I'm fiddling around with some scraping, and need to manipulate some of the data before writing it to my json file.

var Xray = require('x-ray');
var x = Xray();


x('http://myUrl.com', '#search_results div div a', [{
    title: '.responsive_search_name_combined .search_name .title',
    price: '.col.search_price.responsive_secondrow',
}])

.paginate('.search_pagination_right a.pagebtn:last-child@href')
    .limit(10)
    .write('data.json');

When saved, price looks like this: "price": "\r\n\t\t\t\t\t\t\t\t13,99€\t\t\t\t\t\t\t".

I guess its because theres a lot of spaces in div.col.search_price.responsive_secondrow.

<div class="col search_price  responsive_secondrow">
								9,99€							</div>

So my question is: Would it be possible to manipulate the data before .write?

4

2 回答 2

3

是的,您可以简单地提供一个回调函数,该函数接受一个对象,该对象是您的抓取结果。

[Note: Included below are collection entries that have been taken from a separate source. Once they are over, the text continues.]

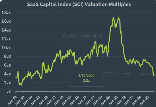 The chart below tells a clear story. The SaaS Capital Index peaked at 16.9x ARR in 2021, compressed hard through 2022 and 2023, and appeared to stabilize around 6-7x through most of 2024 and into early 2025. Then it resumed its fall. By March 2026, the index stood at 3.8x. There is no ambiguity about the direction.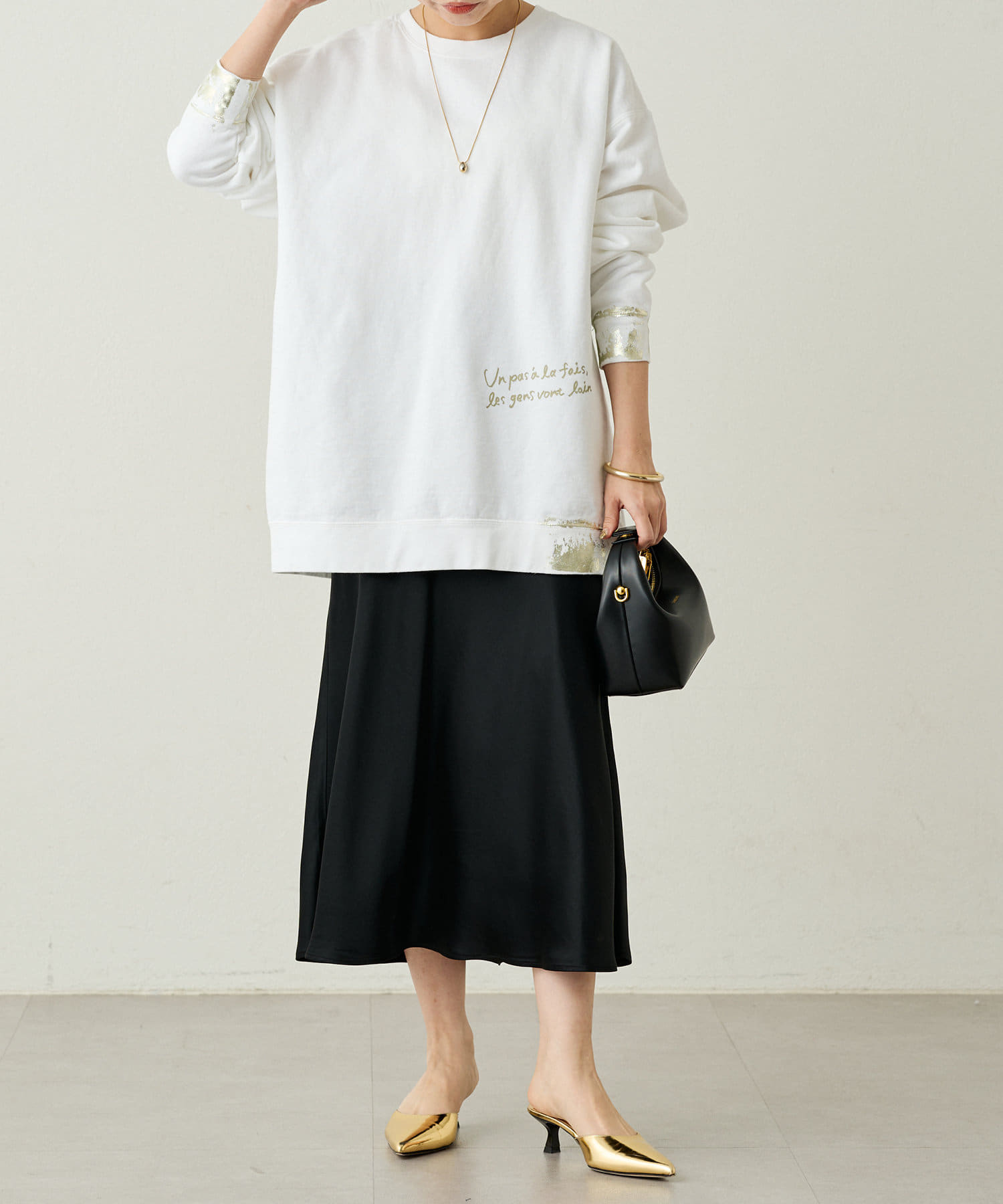 ゆったりしたデザインなのですっきりとしたデザインのボトムスとも相性抜群です。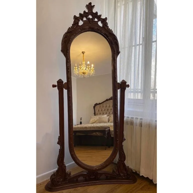 آینه قدی قهوه ای چوبی منبت ساخته شده از چوب راش. تمام بدنه این آینه قدی منبت کاری شده است و طرحها به زیبایی بر بدنه آن جلوهگر هستند. این آینه بر روی یک پایه ثابت شده است.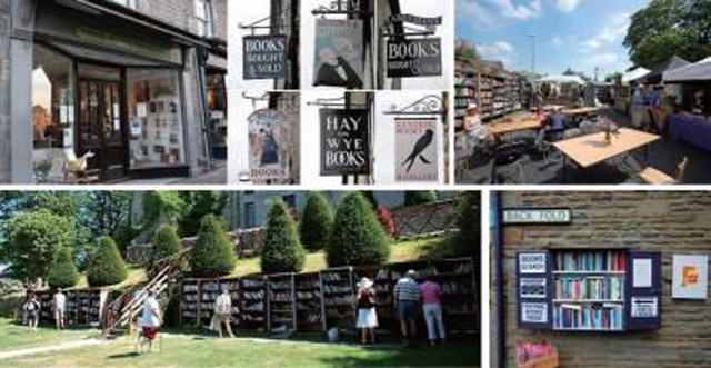 小镇风貌往往是小镇产业特色的空间映射,因此,具有产业特色的国外特色小镇,其空间风貌必然具有强烈的可识别性。如海伊旧书小镇 ( hay ) 是世界上第一个书镇,被誉为 " 天下旧书之都 "。遍布小镇的各种类型的书店、图书馆、图书集市及随处可见的读书场景是小镇给人的空间意象。书店建筑风貌各异,有些书店依山而建,书架就镶嵌在山石上 ; 也有户外书店,只设置收钱箱,自助取书 ( 图 4 ) 。

在此功能中,您可以完全控制您想做的任何后处理。

所以你的代码最终会是这样的:

x('http://myUrl.com', '#search_results div div a', [{
        title: '.responsive_search_name_combined .search_name .title',
        price: '.col.search_price.responsive_secondrow',
    }])
(function(products){
     var cleanedProducts = [];
     products.forEach(function(product){
        var cleanedProduct = {};
        cleanedProduct.price = product.price.trim();
        //etc
        cleanedProducts.push(cleanedProduct)
     });

     //write out results.json 'manually'
     fs.writeFile('results.json', JSON.stringify(cleanedProducts));
})

于 2015-12-23T13:02:53.473 回答
0

您可以使用称为filter函数的 X-Ray 原生支持的方法并完全涵盖您描述的情况。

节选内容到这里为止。